Растерянно всплеснув руками, он отступил было на шаг — и бросился обнимать ее,
что-то восклицая и оглядываясь на нас, словно призывая нас быть свидетелями
чему-то невероятному.
—
Он говорит, — подсказал нам переводчик, — он говорит, что, когда впервые ее
увидел, ей было шесть лет. Измученные, замерзшие, они, уже без надежды,
постучались в окно, где, как им показалось, в щелочке мелькнул слабый свет. На
стук чья-то маленькая рука отогнула уголок одеяла, которым было занавешено
окно, и они увидели детскую головку в светлых кудряшках. Луиджи
говорит, он подумал, что, наверное, уже умер и видит ангела на пороге рая.
Кто-то
засмеялся, но мне почему-то не было смешно.
Нас
повели в Дусин класс — так попросил Луиджи. После Дусиной смерти
класс приняла Рая.
Дети
во все глаза смотрели на первого в их жизни настоящего иностранца, слушали его
быструю, взволнованную речь, которую через пень-колоду торопливо передавал им
переводчик. По команде учительницы несколько записных отличников очень громко и
очень старательно продекламировали какие-то стихи, из которых гость, конечно,
ничего не понял; потом ему поднесли альбом, в котором он как почетный гость
должен был что-то написать им на память. Тут он совсем разволновался — он так
ответственно отнесся к этой обязанности! Весь класс, затаив дыхание, следил,
как он, прикусив губу и поминутно о чем-то советуясь с переводчиком, царапал
страницу непослушным пером.
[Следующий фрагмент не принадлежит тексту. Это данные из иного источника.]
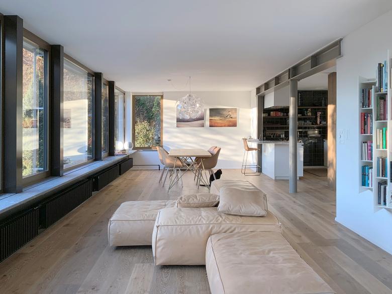 Das Haus am Kamellenberg wurde 1962 erbaut und 2013 letztmals einer Innenraumsanierung unterzogen. Wunsch der Bauherrschaft war es, sämtliche Fenster zu erneuern und wo möglich neue Fensteröffnungen einzubauen oder zu vergrössern. Aussen + Innenräume verschmelzen neu harmonisch zu einer stimmigen Einheit. Nach der Umbauphase Ende Sommer 2021 zeigen sich die beiden Wohngeschosse in einem völlig neuen Kleid - so verstehen wir Transformation im Bau.

А потом, совсем неожиданно — для меня, во всяком
случае — произошло нечто, наверное, не предусмотренное сценарием: гость
водрузил на стол большую сумку, которую все время таскал за ним переводчик —
класс немедленно насторожился! — и стал раздавать детворе подарки в память о
Дусе — о первой учительнице, ушедшей от них навсегда. Класс зашевелился и
зажужжал, как потревоженный улей. Еще бы — вдруг какие-то подарки, да еще
заграничные! И притом разные — кому что достанется?
Хотя подарок — любой — вот так, ни за что — все равно приятно! Хотя
непонятно — ну, пустили его когда-то погреться, ну, накормили картошкой — и
что? Чтобы вот так, через столько лет ехать куда-то за тридевять земель,
тратить кучу денег на подарки каким-то чужим детям? Зачем?
Однако
постепенно на некоторых мордашках радостное оживление стало сменяться
напряженной работой мысли: почему у этого странного гостя срывается голос и
дрожат губы, когда он гладит их стриженые головенки?
У
меня тоже сдавило горло и предательски защекотало в носу, и я поняла: нет,
недаром этот человек — этот Человек сюда приехал! И может быть, недаром не
только для себя — для нас и для этих детей…
А
потом мы сидели за столом, в той самой хате — добротно ее выстроил хозяин перед
тем, как ушел на войну! — и Луиджи снова, волнуясь,
вспоминал над тарелкой со стынущим винно-золотым борщом, как они шли в трескучий
голубой мороз по мертво молчащей стылой деревне. Ни голоса, ни лая собак —
только хруст снега под ногами да натруженное дыхание из простуженной груди. И
вдруг — щелочка живого света в окне, как последний луч надежды… Вот в этом? Нет, в этом, наверное…
И
Рая, удивляясь, подтверждает: да, в этом… Кажется, в
этом.
Наш
переводчик с трудом продирается сквозь путаницу их
воспоминаний. Да он, оказывается, и не переводчик вовсе, а так — мелкий
бизнесмен, как это модно сейчас называть. Просто отец у него был итальянец: они
с матерью познакомились в Германии, куда она была угнана на работу. Отсюда имя
— Марио — да кой-какое знание итальянского языка.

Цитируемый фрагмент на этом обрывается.